If this Budget is something of an economic gamble by the coalition, it is also a political risk. The Government is hoping for a robust private-sector rebound before the end of the parliament. But there is no shortage of potential shocks out there. There could easily be another lurch in the domestic banking crisis, or a violent twist in the eurozone emergency. Business confidence here in Britain might simply turn out to be weaker than Mr Osborne hopes. Under such circumstances, the Chancellor could find himself delivering yet another emergency Budget.

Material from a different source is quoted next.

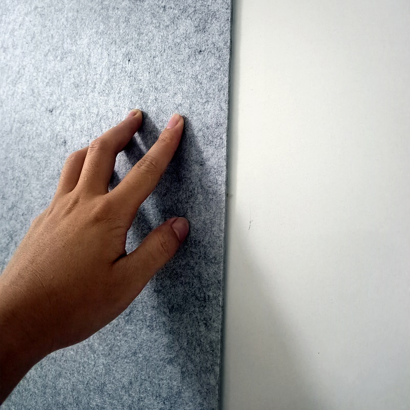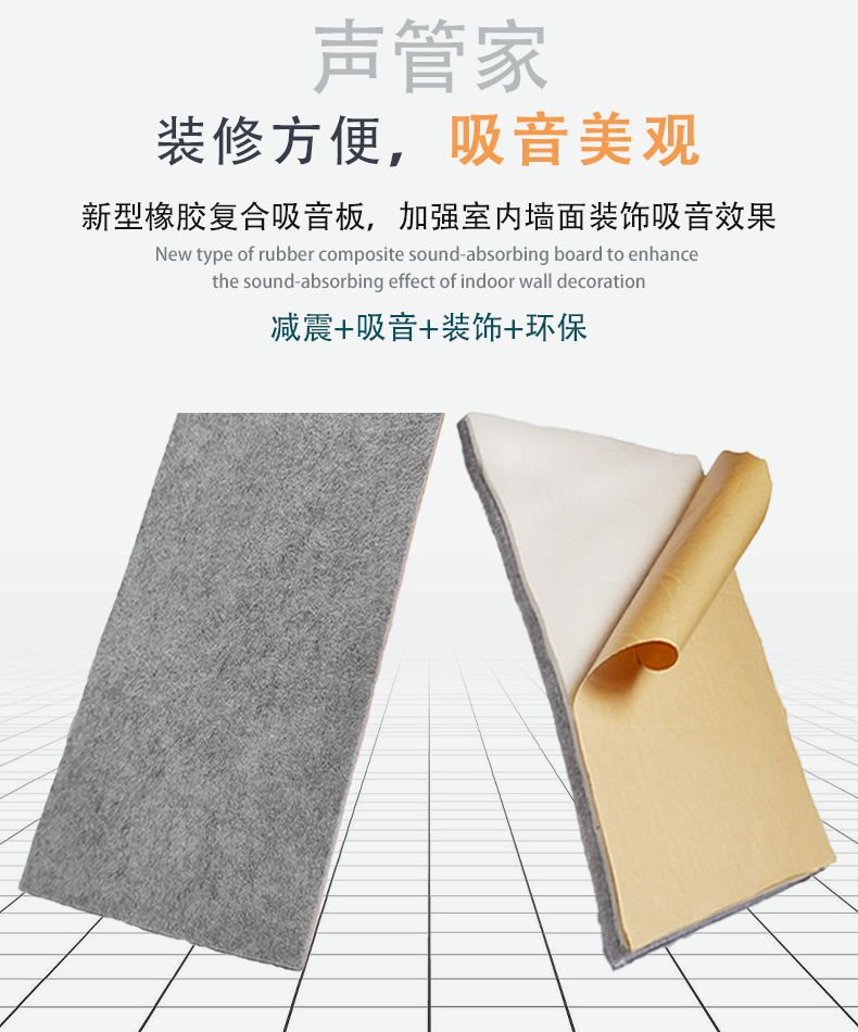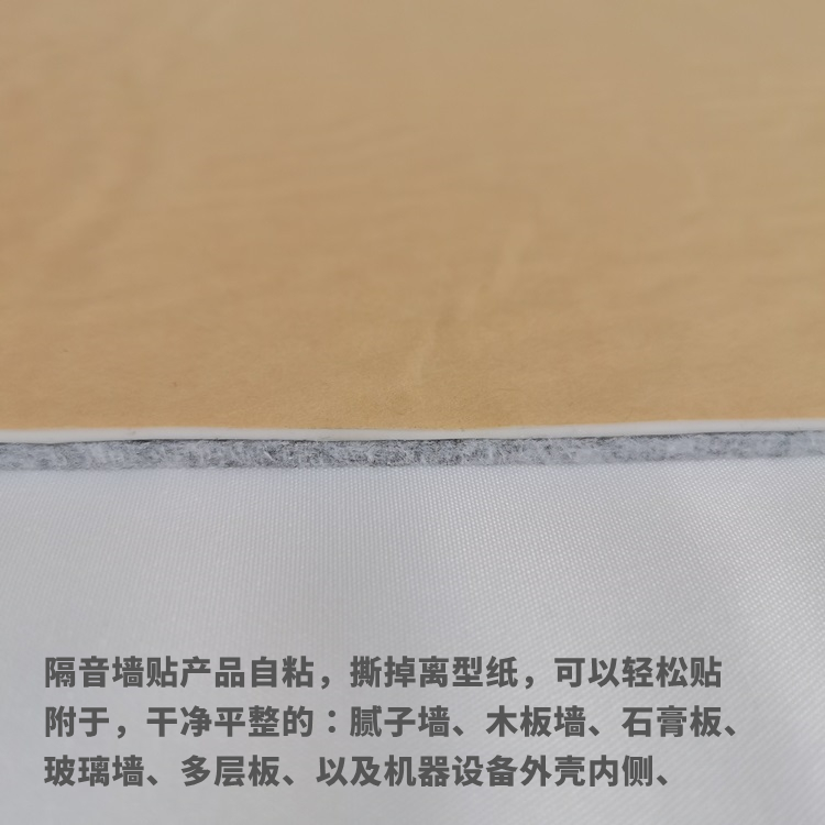 隔音墙贴采用白色环保丁基胶(隔音减震)+0.2mm铝箔+3mm吸音毡(装饰吸音)复合而成,即有隔音效果,也有吸音效果,单面带胶,撕开即可安装,方便无须请工人。

There are dangers for the Liberal Democrats, too. The Budget response of Harriet Harman, the interim Labour leader, contained some wounding attack lines. The smaller partner in the coalition can, of course, point to policies such as the rise in the income tax threshold, capital gains tax and the restoration of the pensions and earnings link which it has long championed. They can also, legitimately, suggest what the Budget might have looked like if they had not been in the coalition. But the rise in VAT, against which they campaigned strongly in the recent election, is, at the very least, a severe embarrassment.
The hands of the Liberal Democrats are now well and truly "dipped in blood" on the Government's tax and spending plans. And Mr Osborne is firmly in economic control. The Liberal Democrats – and indeed the country – need to pray that the Chancellor's judgement will turn out to be as assured as yesterday's performance at the Despatch Box.